- Sommerau
Sommerau castle ruins from the 13th century Far away from through traffic, the castle ruins of Sommerau in the Ruwertal are extremely picturesque. The picturesque ensemble of castle ruins, Schlossberg vineyards and waterfall in Sommerau was honored by the DLR Mosel in 2019 as a beacon of biodiversity as part of the "Lively Moselle Vineyards" initiative.
Sommerau castle ruins from the 13th century.
Far away from through traffic, the ruins of the Sommerau castle in the Ruwertal are extremely picturesque. You can get to it either via Gutweiler or Gusterath-Tal.
Sommerau Castle was built on a rock spur around which the Ruwer river flowed on three sides. This rock tongue, which is about 45 m long, has been broken through at the narrowest point in order to use the slope of the Ruwer to drive a mill. This created a circular mountain and drained the former loop in the valley.

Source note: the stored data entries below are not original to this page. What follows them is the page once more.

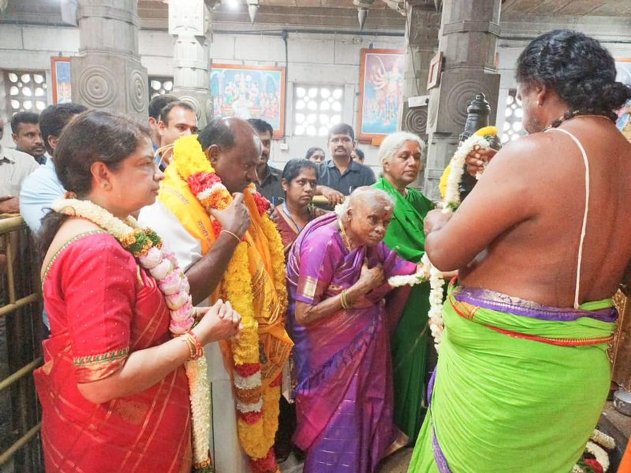 ತಾಯಿ ಚೆನ್ನಮ್ಮ, ಪತ್ನಿ ಅನಿತಾ ಕುಮಾರಸ್ವಾಮಿ ಜತೆ ರಾಜರಾಜೇಶ್ವರಿ ದೇವಿಗೆ ಕುಟುಂಬ ಸಮೇತ ಭೇಟಿ ನೀಡಿ ವಿಶೇಷ ಪೂಜೆ ಸಲ್ಲಿಸಿದ್ದಾರೆ.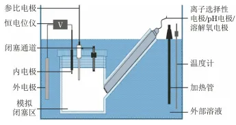 搭建如图1所示的闭塞电池模型试验装置,用于模拟金属局部腐蚀发展阶段的研究。其中模拟闭塞区体积为110mL,将其浸在10L的外部溶液池内,其材料均为有机玻璃。在模拟闭塞区顶部开孔插入内电极(模拟金属局部腐蚀过程中闭塞电池阳极区的工作电极,为430不锈钢试样) 、参比电极(饱和甘汞电极SCE) 并留有闭塞通道,闭塞通道用模拟锈层进行填充,模拟锈层由快速滤纸负载混氧化铁[65%(质量分数,下同) Fe2O3+25%Fe3O4 +10%Fe(OH)3]制作而成。模拟闭塞区侧面设有与底部成45°角的斜插管,根据试验需要装入在线pH电极、离子选择性电极和溶解氧电极,实时监测模拟闭塞区内各参数的变化。工作电极(内电极)和对电极(外电极)均为430不锈钢,分别模拟腐蚀阳极和阴极。试验前后均按照化学清洗法对电极试样进行处理。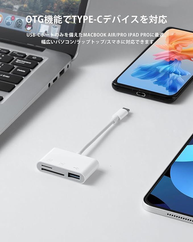 AGPTEK SDカードリーダー 3in1 カメラアダプタ Type-C接続対応 SD/TF読取 Micro SD対応 USB OTG対応 ファイル読み込み 高速データ転送 USB-C機器対応 メモリカードリーダー 多機能 スマートフォンに最適 変換アダプター アプリ不要 テレワーク 在宅勤務 白 | KAZESHOP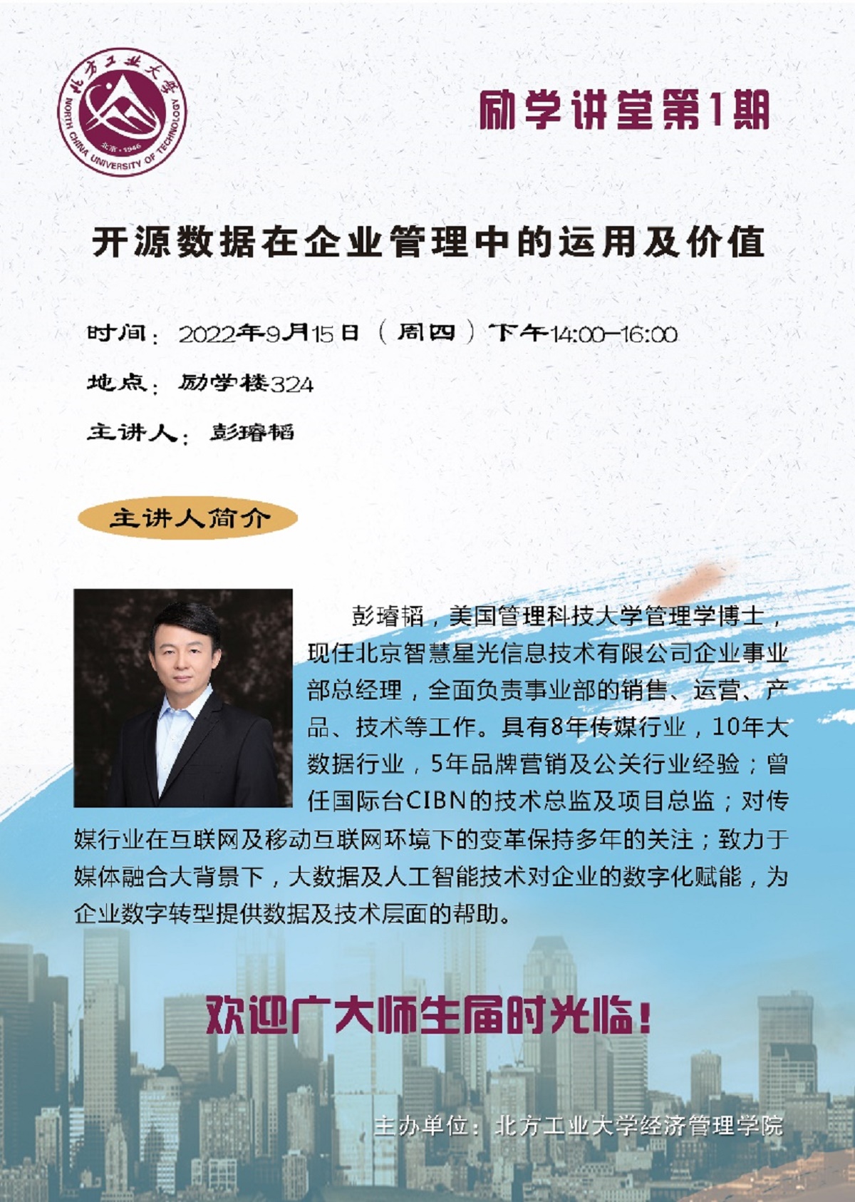 为有效促进研究生学术交流活动的开展,活跃学术研究氛围,搭建学术爱好者的思想交流平台,9月15日下午,Beat365官方网站在励学楼324举行第一期励学讲堂活动。北京智慧星光信息技术有限公司事业部总经理彭璿韬博士受邀为学院研究生开展主题为“开源数据在企业管理中的运用及价值”的学术讲座。学院副院长蒋贵凰教授主持讲座。

In the 13th century the castle was built by the Trier knight family "von der Brücke", who had their ancestral seat in the Barbarathermen. The Trier aldermen Walram, who emerged from the family of the Lords of the Bridge, entrusted Sommerau Castle to the Archbishop of Trier in 1303. As an Electorate of Trier fiefdom, the castle was later transferred to the Luxembourg knight family "von der Fels". The castle had fallen into disrepair by the beginning of the 19th century at the latest. In 1853, the state bought the ruins from four Trier citizens so that they could no longer serve as a quarry. In 1902 it was sold again to a private citizen under the obligation of maintenance and inseparability from the associated lands, which was entered in the land register.
The facility measures 40 x 10 m. In the west, the remains of the former palace or residential building tower up to a height of 10 m, and in the east, the four-storey square keep, which with its four floors also served as a residential tower, is around 16 m high. Apparently an ascending wooden battlement led to a door about 3 m high. To the south on the fourth floor there is a large rectangular door with a toilet bay, the masonry of which is placed on consoles made of red sandstone. The residential building shows, recognizable from the inside, three full floors and half a fourth with the protruding remainder of a chimney that begins on the second floor. Only remnants of the rising masonry can be seen of the surrounding wall that supported the battlements. The remaining transverse walls are in the ground, the ground plan can only be determined through excavations.